Context is a big word here. One guidance is to take a look if you're dealing with user data (user input) in the input phase of a system or in the output phase.
In the input phase what you normally want to do is to sanitize, to verify the data. E.g. is it correctly encoded? Can the actual value or values the data represents (or is intended to represent) be safely decoded? Can any actual value be obtained from that data? If the encoding is already broken, ensure no further processing of that data is done. This is basically error handling and commonly means to refuse input. In context of a web-application this can mean to close the connection on the TCP transport layer (or not send anything (back) on UDP), to respond with a HTTP Status Code that denotes an error (with or without further, spare details in the response body), with a more user-friendly hypertext message in the response body, or, for a HTML-Form dedicated error messages for the part of the input that was not accepted and for some API in the format that the client can consume for the API protocol to channel out errors with the request input data (the deeper you go, the more complicated).
In the output phase it is a bit different. If you for example identified the user-input being a search query and passed the query (as value) to a search service or system and then get back the results (the reflected user input which still is user input), all this data needs to be correctly encoded to transport all result value(s) back to the user. So for example if you output the search query along with the search results, all this data needs to be passed in the expected format. In context of a web application, the user normally tells with each request what the preferred encoding of the response should be. Lets say this is normally hypertext encoded as HTML. Then all values need to be output in a way/form so that these are properly represented in HTML (and not for some error as HTML, e.g. a search for <marquee> would not cause the whole output to move all over the page - you get the idea).
htmlspecialchars() may do the job here, so might by chance htmlentities(), but which function to use with which parameters highly depends on underlying encoding like HTTP, HTML or character encoding and to which part something belongs in the response (e.g. using htmlspecialchars() on a value that is communicated back with a cookie response header would certainly not lead to intended results).
In the input phase you assert the input is matching your expectations so that you can safely let pass it along into the application or refuse further processing.

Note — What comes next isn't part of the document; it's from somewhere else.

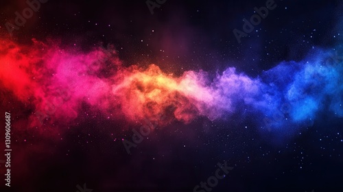 © Anat art, Naklejka premium Vibrant colors and light beams emerge from darkness in an abstract cosmic landscape Generative AI

Only you can know in detail what these requirements are.
In the output phase your job is to ensure that all data is properly encoded and formatted for the overall output to work and the user can safely consume it.
In the input phase you should not try to "fix" issues with the incoming data yourself, instead assume the best and communicate back that there will be no communication - or - what the problem was (note: do not let fool yourself: if this involves output of user input, mind what is important for the output phase of it, there is less risk in just dropping user input and not further process it, e.g. do not reflect it by communicating it back).
This is a bit different for the non-error handling output phase (given the input was acceptable), you err here on the safe side and encode it properly, you may even be fine with filtering the user-data so that it is safe in the output (not as the output which belongs to your overall process, and mind filtering is harder than it looks on first sight).
In short, don't filter input, only let it pass along if it is acceptable (sanitize). Filter input only in/for output if you do not have any other option (it is a fall-back, often gone wrong). Mind that filtering is often much harder and much more error prone incl. opening up to attacks than just refusing the data overall (so there is some truth in the initial joke).
Next to input or output context for the data, there is also the context in use of the values. In your example the search query. How could anyone here on Stackoverflow or any other internet site answer that as it remains completely undefined in your question: A search query. A search query for what? Isn't your question itself in a search for an answer? Taking it as an example, Stackoverflow can take it:
Verify the input is in the form of a question title and its text message that can safely enter their database - it passed that check, which can be verified as your question was published.
With your attempt to enter that query on Stackoverflow, some input validation steps were done prior sending it to the database - while already querying it: Similar questions, is your user valid etc.
As this short example shows, many of the questions for a concrete application (your application, your code) needs not only the basic foundation to work (and therefore do error handling on the protocol level, standard input and output so to say), but also to build on top of it to work technically correct (a database search for existing questions must not be prone to SQL injection, neither on the title, not on the question text, nor must the display of error messages or hints introduce other form of injections).
To come back to your own example, $htmlQuery is not appropriate if you need to encode it as a Javascript string in a response. To encode a value within Javascript as a string you would certainly use a different function, maybe json_encode($string) instead of htmlspecialchars($string).
And for passing the search query to a search service, it may be as well encoded differently, e.g. as XML, JSON or SQL (for which most database drivers offers a nice feature called parameterized queries or more formalized prepared statements which are of great help to handle input and output context more easily - common problems, common solutions).
prevent XSS, SQL Injection, etc, and things I can't even think of. I want to have all my bases covered.
You may already now spot the "error" with this "search query". It's not about the part that there aren't things you or anyone else can even think of. Regardless of how much knowledge you have, there always will be known and unknown unknowns. Next to the just sheer number of mistakes we do encode into software each other day. The one "wrong" perhaps is in thinking that there would be a one-size-fits-it-all solution (even in good intend as things must have been solved already - and truly most have been, but still one needs to learn about them first, so good you ask) and perhaps more important the other one to assume that others are solving your problems: your technical problems perhaps, but your problems you can only solve yourself. And if that sentence may sound hard, take the good side of it: You can solve them. And I write this even I can only give a lengthy answer to your question.
So take any security advice - including the text-wall I just placed here - on Stackoverflow or elsewhere with a grain of salt. Only your own sharp eyes can decide if they are appropriate to cover your bases.
Older PHP Security Poster (via my blog)

Is it safe to save user created javascript in database?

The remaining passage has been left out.